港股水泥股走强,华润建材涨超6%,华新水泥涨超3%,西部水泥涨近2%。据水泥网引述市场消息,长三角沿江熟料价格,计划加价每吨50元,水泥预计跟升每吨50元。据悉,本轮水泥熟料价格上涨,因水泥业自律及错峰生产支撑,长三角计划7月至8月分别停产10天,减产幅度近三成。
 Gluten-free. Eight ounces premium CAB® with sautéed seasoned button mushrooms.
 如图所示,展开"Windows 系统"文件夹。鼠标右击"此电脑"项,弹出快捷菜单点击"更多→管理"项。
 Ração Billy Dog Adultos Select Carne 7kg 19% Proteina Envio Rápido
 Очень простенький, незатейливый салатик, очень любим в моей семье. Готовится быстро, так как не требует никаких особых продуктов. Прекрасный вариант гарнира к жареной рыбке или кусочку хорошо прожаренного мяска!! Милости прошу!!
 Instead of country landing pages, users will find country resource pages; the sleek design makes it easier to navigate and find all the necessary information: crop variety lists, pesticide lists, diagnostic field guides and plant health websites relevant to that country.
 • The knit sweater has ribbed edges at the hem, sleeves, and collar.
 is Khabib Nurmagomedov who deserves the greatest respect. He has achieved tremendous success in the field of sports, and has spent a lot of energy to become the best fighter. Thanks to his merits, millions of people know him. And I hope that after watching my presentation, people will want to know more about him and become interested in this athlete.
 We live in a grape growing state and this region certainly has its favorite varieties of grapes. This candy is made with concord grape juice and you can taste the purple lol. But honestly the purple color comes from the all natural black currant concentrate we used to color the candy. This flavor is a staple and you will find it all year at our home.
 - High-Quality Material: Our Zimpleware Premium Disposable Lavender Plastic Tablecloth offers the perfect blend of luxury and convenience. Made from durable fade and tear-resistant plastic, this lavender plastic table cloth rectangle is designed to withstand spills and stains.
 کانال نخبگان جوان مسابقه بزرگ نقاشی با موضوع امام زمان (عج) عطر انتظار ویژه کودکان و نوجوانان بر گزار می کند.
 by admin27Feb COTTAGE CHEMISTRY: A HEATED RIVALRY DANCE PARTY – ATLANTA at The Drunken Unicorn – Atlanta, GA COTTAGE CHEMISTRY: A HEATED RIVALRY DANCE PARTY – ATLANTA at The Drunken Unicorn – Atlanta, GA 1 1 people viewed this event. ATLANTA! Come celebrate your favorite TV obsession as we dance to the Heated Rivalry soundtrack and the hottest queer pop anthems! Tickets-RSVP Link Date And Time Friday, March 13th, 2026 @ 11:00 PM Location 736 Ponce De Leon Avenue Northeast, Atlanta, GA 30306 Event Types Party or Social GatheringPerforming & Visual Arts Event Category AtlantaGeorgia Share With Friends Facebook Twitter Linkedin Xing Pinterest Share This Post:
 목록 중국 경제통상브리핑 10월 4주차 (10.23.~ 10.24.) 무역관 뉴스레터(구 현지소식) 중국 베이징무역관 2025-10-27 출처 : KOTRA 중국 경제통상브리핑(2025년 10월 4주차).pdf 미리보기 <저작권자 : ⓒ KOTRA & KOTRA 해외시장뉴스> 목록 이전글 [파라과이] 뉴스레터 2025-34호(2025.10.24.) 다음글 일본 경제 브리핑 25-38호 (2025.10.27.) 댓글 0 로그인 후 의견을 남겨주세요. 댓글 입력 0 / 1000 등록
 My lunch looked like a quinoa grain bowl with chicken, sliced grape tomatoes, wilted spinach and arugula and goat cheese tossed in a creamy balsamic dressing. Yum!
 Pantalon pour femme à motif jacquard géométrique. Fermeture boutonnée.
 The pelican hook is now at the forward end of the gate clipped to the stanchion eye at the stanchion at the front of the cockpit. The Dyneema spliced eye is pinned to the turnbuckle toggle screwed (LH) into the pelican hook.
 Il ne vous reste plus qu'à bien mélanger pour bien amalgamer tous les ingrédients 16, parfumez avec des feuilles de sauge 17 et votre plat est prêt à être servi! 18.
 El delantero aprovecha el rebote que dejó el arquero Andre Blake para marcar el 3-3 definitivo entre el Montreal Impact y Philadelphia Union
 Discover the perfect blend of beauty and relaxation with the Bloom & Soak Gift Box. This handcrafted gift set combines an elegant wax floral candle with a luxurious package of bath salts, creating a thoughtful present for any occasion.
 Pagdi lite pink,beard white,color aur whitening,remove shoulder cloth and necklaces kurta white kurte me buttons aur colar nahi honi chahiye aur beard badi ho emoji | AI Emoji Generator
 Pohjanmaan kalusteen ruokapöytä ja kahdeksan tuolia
============================================================
**INSTRUCTIONS TO FOLLOW:**
Beginning with the line that holds "El delantero aprovecha" and ending with the last line of the material, retype each line exactly and output nothing else.

**FINISHED EXERCISE:**
 El delantero aprovecha el rebote que dejó el arquero Andre Blake para marcar el 3-3 definitivo entre el Montreal Impact y Philadelphia Union
 Discover the perfect blend of beauty and relaxation with the Bloom & Soak Gift Box. This handcrafted gift set combines an elegant wax floral candle with a luxurious package of bath salts, creating a thoughtful present for any occasion.
 Pagdi lite pink,beard white,color aur whitening,remove shoulder cloth and necklaces kurta white kurte me buttons aur colar nahi honi chahiye aur beard badi ho emoji | AI Emoji Generator
 Pohjanmaan kalusteen ruokapöytä ja kahdeksan tuolia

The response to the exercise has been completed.